Yahya Hassan adopts Knausgård’s idea of freeing the self from the image of others, but in his case, this is a more complex endeavour since it does not only concern his family and friends, but all those who infringe upon his individual rights by imposing a community identity on him. This becomes obvious in the first poem entitled ‘CHILDHOOD’. The poem provides us with insight into the physical and symbolic violence that Hassan has experienced since his early childhood (Hassan, 2013, p. 3). It starts with a harrowing description of five children waiting in a row for their father to beat them. We see their tears and how they wet themselves out of fear and pain, we hear how the cane strikes their hands or, if they withdraw these, other parts of their bodies: ‘A BLOW A CRY A NUMBER 30 OR 40 OR SOMETIMES 50’.

The poem compares this physical violence with other instances of violence present in their young lives. The first is the violence in the Gaza strip shown on Al Jazeera while the children are beaten by their father.
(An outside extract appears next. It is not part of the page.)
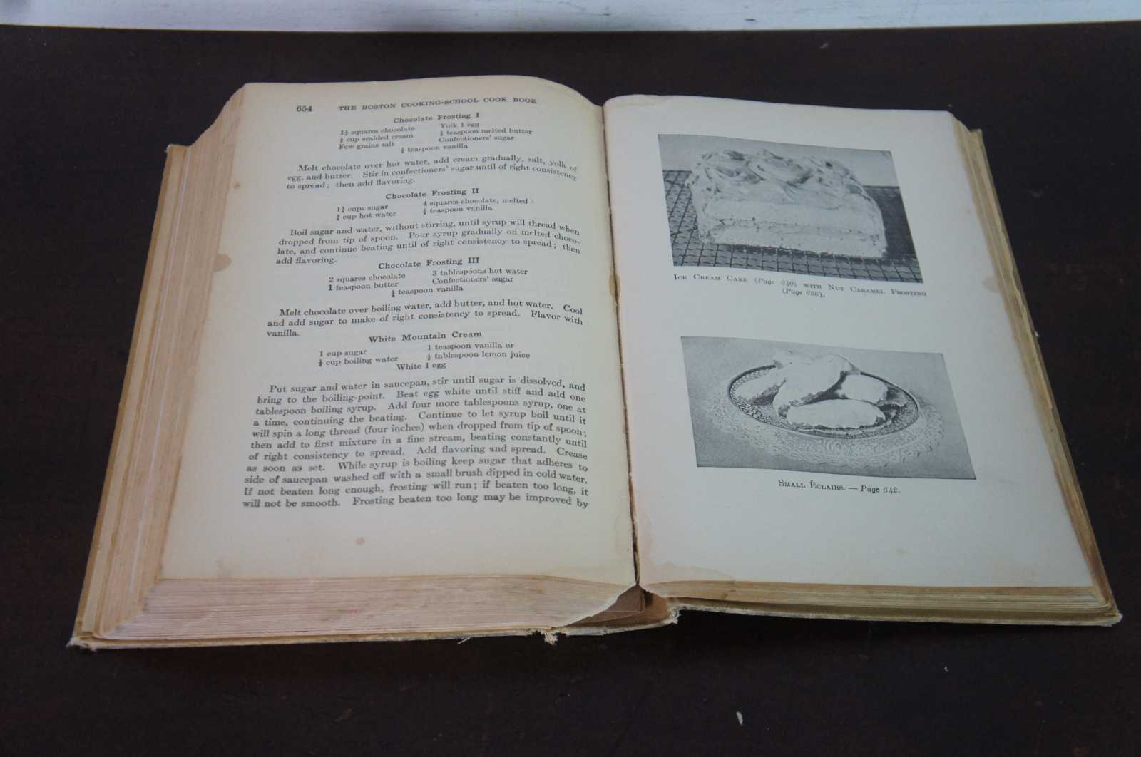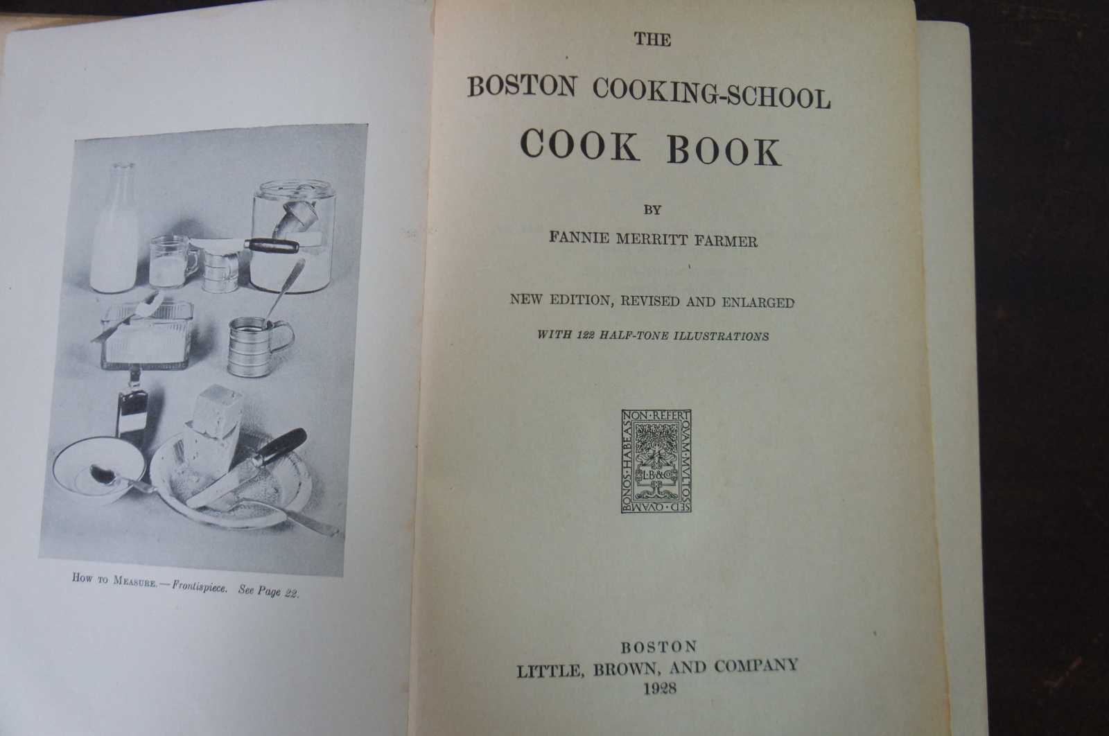 Antique cloth hard cover copy of “The Boston Cooking-School Cook Book” by Fannie Merritt Farmer, “New Edition, Revised and Enlarged with 122 half-tone illustrations,” published by Little, Brown & Company, 1928.

The images of ‘HYPERACTIVE BULLDOZERS AND ANGRY BODYPARTS’ are interpreted from the family’s Palestinian perspective taken over by the young boy: ‘IF THE ZIONIST DOES NOT RECOGNIZE OUR EXISTENCE/IF WE EXIST AT ALL’. The word OUR in the first sentence refers to the Palestinian community identity imposed on him by his family in Denmark and in refugee camps in Lebanon where he spends his holidays. The WE in the second sentence is no longer just a reference to this group, but expresses what this inheritance means for the children. They grow up with a community identity that roots them in non-existence. Unlike other imagined communities, the Palestinians do not have a founding myth that explains how they came into existence. Rather, their community narrative starts with a catastrophe, their expulsion from Palestine in 1948, an event they call al-Nakba. This myth of ‘un-becoming’, as Anja Kublitz calls it, structures Palestinian lives up to their present in Denmark, also because they feel that they will never be accepted as Danish: ‘Whereas al-Nakba, the figure of un-becoming, is reproduced on the level of the individual as the disintegration of the subject [ …], what Palestinians in Denmark simultaneously experience is that the most obvious alternative path towards becoming, namely becoming Danish, is blocked’ (Kublitz, 2015, p. 244).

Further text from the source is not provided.